Le bonheur, pierre philosophale.

Sur ce côté de la fatalité, l’homme ne peut rien. Rêver des réformes dans la région des prodiges, proposer des amendements au mystère, c’est rabâcher l’inutile ; c’est perdre le temps ; c’est laisser tomber les minutes goutte à goutte pour faire des ronds dans l’éternité. Quant à nous, réformateurs ardents du contingent et du relatif, nous n’avons devant l’absolu que de la rêverie et de l’agenouillement. Le mal n’est le mal pour nous qu’autant que nous pouvons le mesurer à la mesure morale qui est en nous. Nous nous sentons qualité et autorité pour flétrir Néron ou Contrafatto ; mais il nous est impossible d’affirmer qu’une tempête soit un crime et qu’un tremblement de terre soit une trahison. Un coup de couteau nous indigne ; nous ne nous sentons pas juge d’un coup de tonnerre. Nous ne traduisons point à notre barre l’éruption du Chimborazo. Nous reprochons Delacollonge à la civilisation ; nous ne reprochons pas le crocodile à Dieu. Nous ne corrigeons pas la création ; nous ne mettons pas de chevilles à la mécanique céleste. Notre philosophie n’offre pas un frein de son invention à ces locomotives qu’on nomme les astres. Quand l’ouragan épelle la nuit et la mer, répétant sans cesse les mêmes phrases, nous ignorons ce qu’il dit et à qui il parle, et nous le laissons bégayer. Nous ne faisons point de ratures à l’insondable. Nous n’aidons point l’Inconnu énorme. Nous ne sommes point de ceux qui jugent l’absolu, discutant et réprimandant l’élément, trouvant ceci mauvais, cela bon, et font de temps en temps un signe de satisfaction à l’infini. Nous ne disons point à Dieu : bon élève.

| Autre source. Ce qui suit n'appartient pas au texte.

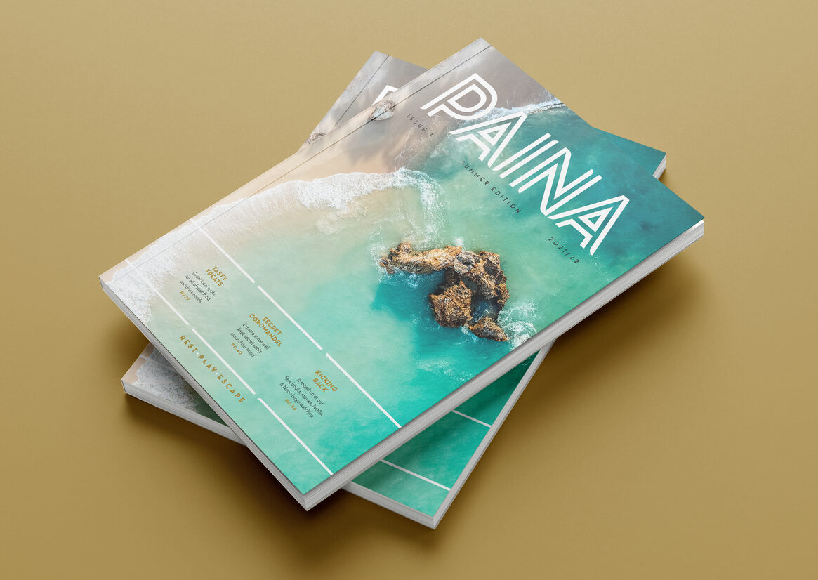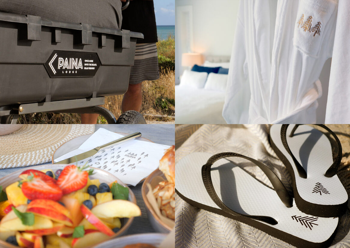 Using the architecture and interior design as key influences the team were able to develop a powerful word mark and visual language. With the visual identity in place a series of guest experience moments were developed. From the Paina summer edition magazine which celebrates local artists, restaurants and artisans to the thoughtful welcome pack and gifts laid out for guests upon arrival. From the cheeseboard, napkins and coasters to the specially commissioned Paina Lodge artwork - every aspect of the experience has been carefully considered.

Entendons-nous. Qu’il faille absolument prendre en bloc la création entière comme fatale, est-ce là ce que nous prétendons ? En aucune manière. Se croiser les bras purement et simplement devant le Tout mystérieux n’est pas le fait de l’homme. L’homme est esprit et par conséquent a pour fonction un vaste travail d’attaque sur le mal. Le mal, étant de l’ombre, est derrière la matière. Tourner la matière, c’est le devoir de l’intelligence. Tourner la matière, lui faire subir le sévère examen de l’âme, l’accabler de questions, ne jamais la laisser tranquille, voilà le saint labeur du progrès. L’esprit humain combat la pesanteur et la nuit, masse difforme, double et une ; il sonde, fouille, creuse, perce d’outre en outre, divise, éclaire, assiège le bloc, lui livre bataille, l’entame, le bat en brèche, y applique la science, cette échelle, le prend d’assaut, le pulvérise, le met en fuite dans la molécule, et, armé du télescope, se précipite dans l’infini à la poursuite de l’atome. La contemplation du point géométrique, la rencontre de l’âme et de la monade, leur confrontation, leur identité prodigieuse, voilà sa victoire. La découverte de l’unité.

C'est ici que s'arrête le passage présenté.